Neste artigo, você vai entender como funciona o relê automotivo, quais são as diferenças entre os modelos de 4 e 5 pinos e como testar um relê usando ferramentas simples.
Assista também ao vídeo abaixo, onde mostro o funcionamento na prática.
Como funciona um relê automotivo
O relê é um interruptor controlado eletricamente. Ele tem uma bobina que, ao ser energizada, cria um campo magnético capaz de movimentar um contato interno — abrindo ou fechando o circuito de carga.
Os relês automotivos são normalmente encontrados em duas versões:
Relê de 4 pinos → possui os contatos básicos para acionar uma carga (comum, bobina e contato aberto).
Relê de 5 pinos → além dos contatos do modelo de 4 pinos, ele tem um contato adicional (87a), que é o terminal normalmente fechado (NF).
Identificação dos pinos
Os pinos são numerados de acordo com o padrão internacional:
85 e 86 → são os terminais da bobina (pode inverter, pois não há polaridade).
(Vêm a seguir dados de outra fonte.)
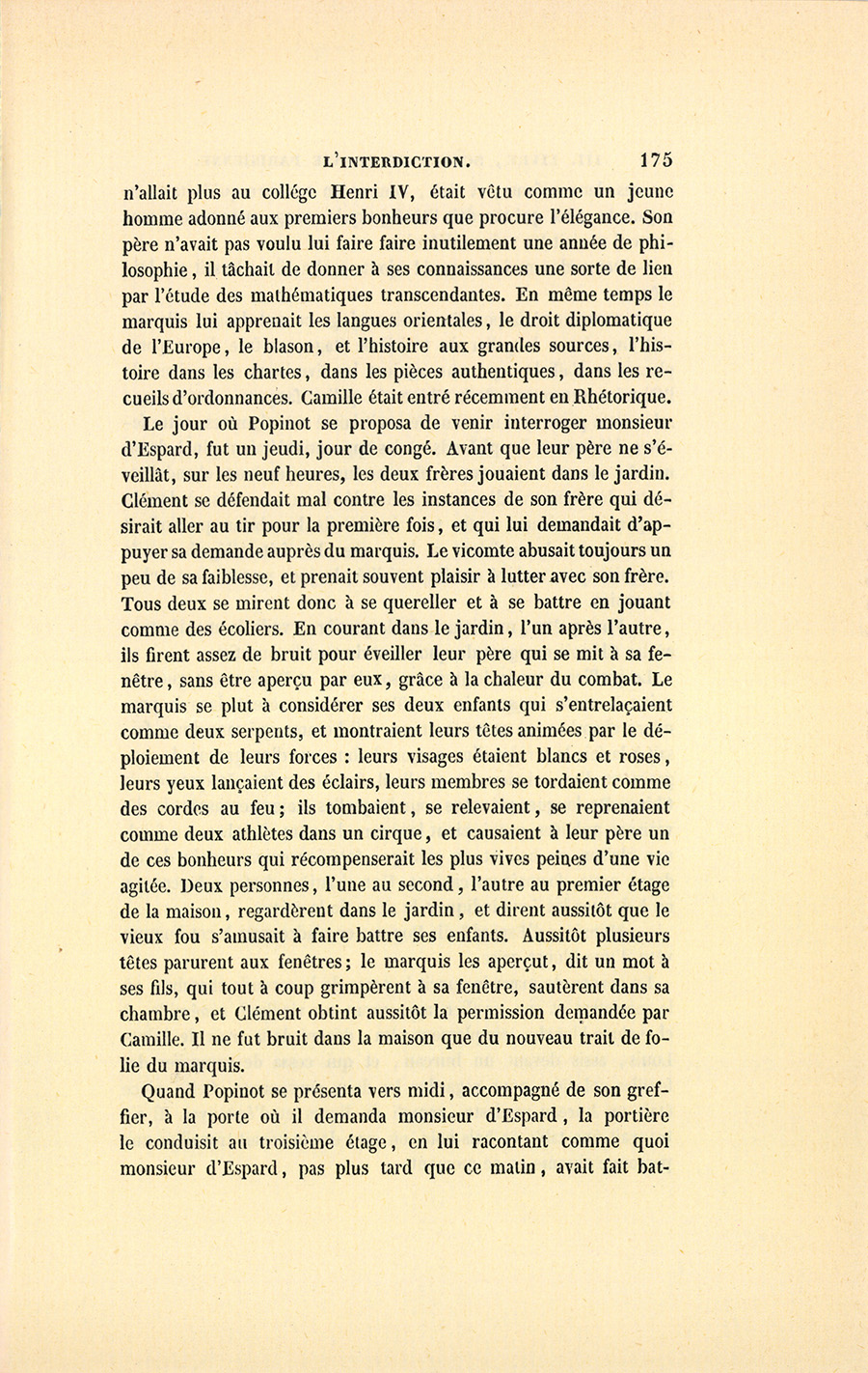 Le jour où Popinot se proposa de venir interroger monsieur d’Espard, fut un jeudi, jour de congé. Avant que leur père ne s’éveillât, sur les neuf heures, les deux frères jouaient dans le jardin. Clément se défendait mal contre les instances de son frère qui désirait aller au tir pour la première fois, et qui lui demandait d’appuyer sa demande auprès du marquis. Le vicomte abusait toujours un peu de sa faiblesse, et prenait souvent plaisir à lutter avec son frère. Tous deux se mirent donc à se quereller et à se battre en jouant comme des écoliers. En courant dans le jardin, l’un après l’autre, ils firent assez de bruit pour éveiller leur père qui se mit à sa fenêtre, sans être aperçu par eux, grâce à la chaleur du combat. Le marquis se plut à considérer ses deux enfants qui s’entrelaçaient comme deux serpents, et montraient leurs têtes animées par le déploiement de leurs forces : leurs visages étaient blancs et roses, leurs yeux lançaient des éclairs, leurs membres se tordaient comme des cordes au feu ; ils tombaient, se relevaient, se reprenaient comme deux athlètes dans un cirque, et causaient à leur père un de ces bonheurs qui récompenserait les plus vives peines d’une vie agitée. Deux personnes, l’une au second, l’autre au premier étage de la maison, regardèrent dans le jardin, et dirent aussitôt que le vieux fou s’amusait à faire battre ses enfants. Aussitôt plusieurs têtes parurent aux fenêtres ; le marquis les aperçut, dit un mot à ses fils, qui tout à coup grimpèrent à sa fenêtre, sautèrent dans sa chambre, et Clément obtint aussitôt la permission demandée par Camille. Il ne fut bruit dans la maison que du nouveau trait de folie du marquis.
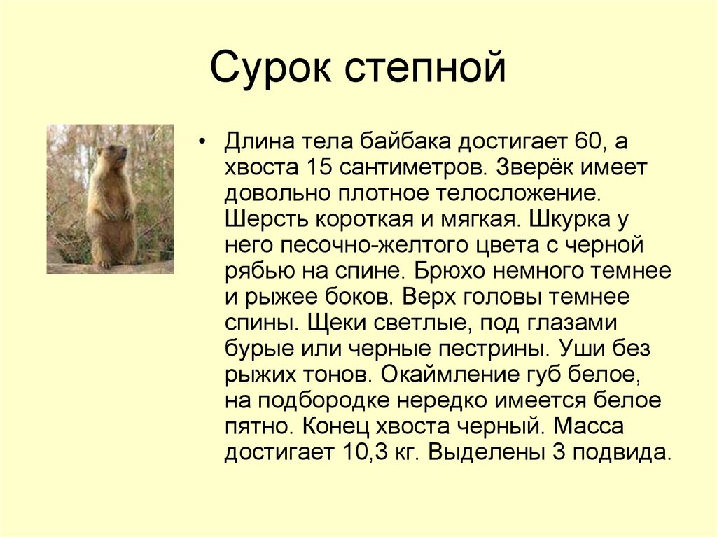 Вес суслика от двухсот граммов до полутора килограммов, в длину его тело около пятнадцати сантиметров. Большинство сусликов имеют серо-коричневый окрас, что очень подходит для маскировки. На мордочке видны торчащие зубы при помощи которых, грызун роет норы не глотая землю.

30 → é o terminal comum, por onde entra a corrente.
87 → é o contato normalmente aberto (NA) — só se conecta ao 30 quando o relê é acionado.
87a → é o contato normalmente fechado (NF) — presente apenas nos relês de 5 pinos.
Quando a bobina é energizada, o contato se move e muda a posição elétrica entre os pinos 30, 87 e 87a.
Isso permite ligar e desligar cargas de corrente mais alta sem que o circuito de controle precise conduzir essa corrente diretamente.
Abaixo temos um exemplo de um relé que tem a imagem do
esquemático interno do rele estampado na parte externa, que nos ajuda a entender o funcionamento bem como a identificação de seus terminais.
Para entender melhor, assista ao vídeo abaixo, com os testes e comentários sobre um rele semelhante.
Como testar um relê automotivo
Para testar um relê, você pode usar um multímetro ou uma fonte de 12V. O procedimento é simples:
Identifique a bobina: ligue o multímetro em modo de resistência entre os pinos 85 e 86.
Se o multímetro marcar algo entre 60 e 120 ohms (aproximadamente), a bobina está boa.Teste de acionamento: aplique 12V entre 85 e 86.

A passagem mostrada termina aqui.